Improving performance and reliability: The core challenge of silicon carbide packaging technology

In electric drive systems such as electric vehicles and wind power generation, silicon carbide power electronic equipment has gradually replaced traditional silicon-based power electronic equipment because of its excellent performance. However, in order to fully mobilize the advantages of silicon carbide power electronic equipment, its packaging process is particularly important. Next, we will focus on the three core technologies of silicon carbide output power device packaging: low stray inductance packaging technology, continuous high temperature packaging technology and its multipurpose integrated packaging technology.

▲ Low stray inductance package technology

Silicon carbide power electronic equipment with its high frequency, continuous high temperature, high efficiency characteristics, packaging process put forward higher requirements. Among them, the theory of low stray inductance packaging is one of the keys to make full use of the characteristics of silicon carbide power electronic equipment. In the traditional silicon output power equipment package, the stray inductance caused by the interface mode such as the metal material bonding wire is relatively large, and the operating voltage needs to be overcharged and oscillated in the process of high-frequency switching, which affects the performance and stability of the equipment. In order to reduce stray electrical induction, the researchers proposed a series of new packaging structures.

The core of low stray inductance packaging technology is to reduce the current circuit area and thus reduce the stray induction value. For example, by removing the bonding lines of metal materials, the application of planar interconnection methods, such as direct connection of terminal blocks, can significantly reduce the current circuit and thus reduce stray inductance.

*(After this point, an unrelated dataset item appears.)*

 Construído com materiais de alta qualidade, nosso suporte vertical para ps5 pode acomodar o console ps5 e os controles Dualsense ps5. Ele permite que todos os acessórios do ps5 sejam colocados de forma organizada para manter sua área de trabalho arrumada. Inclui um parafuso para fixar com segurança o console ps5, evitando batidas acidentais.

In addition, the choice of soft PCB board instead of the traditional metal material bonding line is also an effective means to achieve low stray inductance packaging. The use of this method not only improves the performance of silicon nitride power electronic equipment, but also ensures its stable operation in high frequency and high temperature environment.

▲ Continuous high temperature packaging process

Silicon carbide power electronic equipment can work in a high temperature environment, so maintaining high temperature packaging technology is another important factor to ensure its quality stability and full play. Traditional packaging materials such as tin welding will dramatically decrease their stability at high temperatures and even fail to operate normally. Therefore, the key to continuous high temperature packaging technology is to explore the connection raw materials suitable for high temperature operations, and match the thermal stability of different materials in the packaging form.

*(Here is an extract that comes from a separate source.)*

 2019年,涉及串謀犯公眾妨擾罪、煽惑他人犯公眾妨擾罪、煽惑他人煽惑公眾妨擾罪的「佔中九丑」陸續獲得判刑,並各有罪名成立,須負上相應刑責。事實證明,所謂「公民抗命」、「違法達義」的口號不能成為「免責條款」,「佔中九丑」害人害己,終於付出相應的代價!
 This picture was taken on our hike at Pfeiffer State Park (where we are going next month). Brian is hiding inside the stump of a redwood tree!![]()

At present, researchers have developed a variety of continuous high temperature packaging materials and technologies, which can use continuous high temperature welding materials, ceramic based materials and. The development of various materials and technologies has not only improved the stability and reliability of silicon nitride power electronic devices in high temperature environments, but also provided possibilities for its application in a wider range of industries.

▲ Multi-purpose integrated packaging process

With the increasing function of electronic control system, multipurpose integrated packaging technology has become the main development prospect of silicon carbide output power device packaging. This method integrates multiple functional devices in one package, which achieves tight and reasonable layout and high performance. For example, passive components such as high-voltage porcelain capacitors are integrated in the package form, which can effectively reduce the main parameters of the parasitic inductance of the output power control circuit, reduce fluctuations and overcharging during the power switching process. This integrated package form not only improves the overall performance of the system, but also reduces the overall volume and weight, increasing the economy for the main uses of new energy electric vehicles and wind power generation.

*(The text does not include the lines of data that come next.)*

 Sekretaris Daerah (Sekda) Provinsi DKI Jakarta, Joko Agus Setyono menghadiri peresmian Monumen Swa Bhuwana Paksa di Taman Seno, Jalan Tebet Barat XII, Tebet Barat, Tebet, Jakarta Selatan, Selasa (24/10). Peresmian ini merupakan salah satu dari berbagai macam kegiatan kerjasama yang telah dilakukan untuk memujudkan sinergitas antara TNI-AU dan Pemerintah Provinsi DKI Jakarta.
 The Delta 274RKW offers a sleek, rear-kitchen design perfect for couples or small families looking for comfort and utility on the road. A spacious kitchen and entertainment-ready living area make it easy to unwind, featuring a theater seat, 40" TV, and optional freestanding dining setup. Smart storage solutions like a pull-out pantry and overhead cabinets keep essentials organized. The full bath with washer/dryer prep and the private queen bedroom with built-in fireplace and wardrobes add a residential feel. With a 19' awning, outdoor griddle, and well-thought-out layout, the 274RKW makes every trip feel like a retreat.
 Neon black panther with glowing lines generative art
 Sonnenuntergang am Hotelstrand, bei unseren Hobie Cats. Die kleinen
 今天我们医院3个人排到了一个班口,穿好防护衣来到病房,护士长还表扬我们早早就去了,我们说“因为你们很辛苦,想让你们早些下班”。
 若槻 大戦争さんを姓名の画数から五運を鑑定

However, multipurpose integrated packaging technology faces some challenges, such as thermal matching between different materials, processing speed and heat dissipation of passive components. To solve this problem, researchers are rapidly looking for new raw materials and technical means to improve the performance and stability of multipurpose integrated packaging forms.

Conclusion

The packaging process of silicon carbide power electronic equipment is an important link to ensure the full utilization of its characteristics. The three core technologies are low stray inductance package technology, continuous high temperature package technology and intelligent integrated package technology. The development of this technology not only improves the performance and stability of silicon carbide power electronic equipment, but also provides possibilities for its application in a wider range of industries. With the continuous development and innovation of technology, the packaging technology of silicon carbide power electronic equipment will face more development opportunities and challenges. We look forward to the future development of silicon carbide power electronic equipment packaging technology can be gradually improved and innovative initiative, and innovation.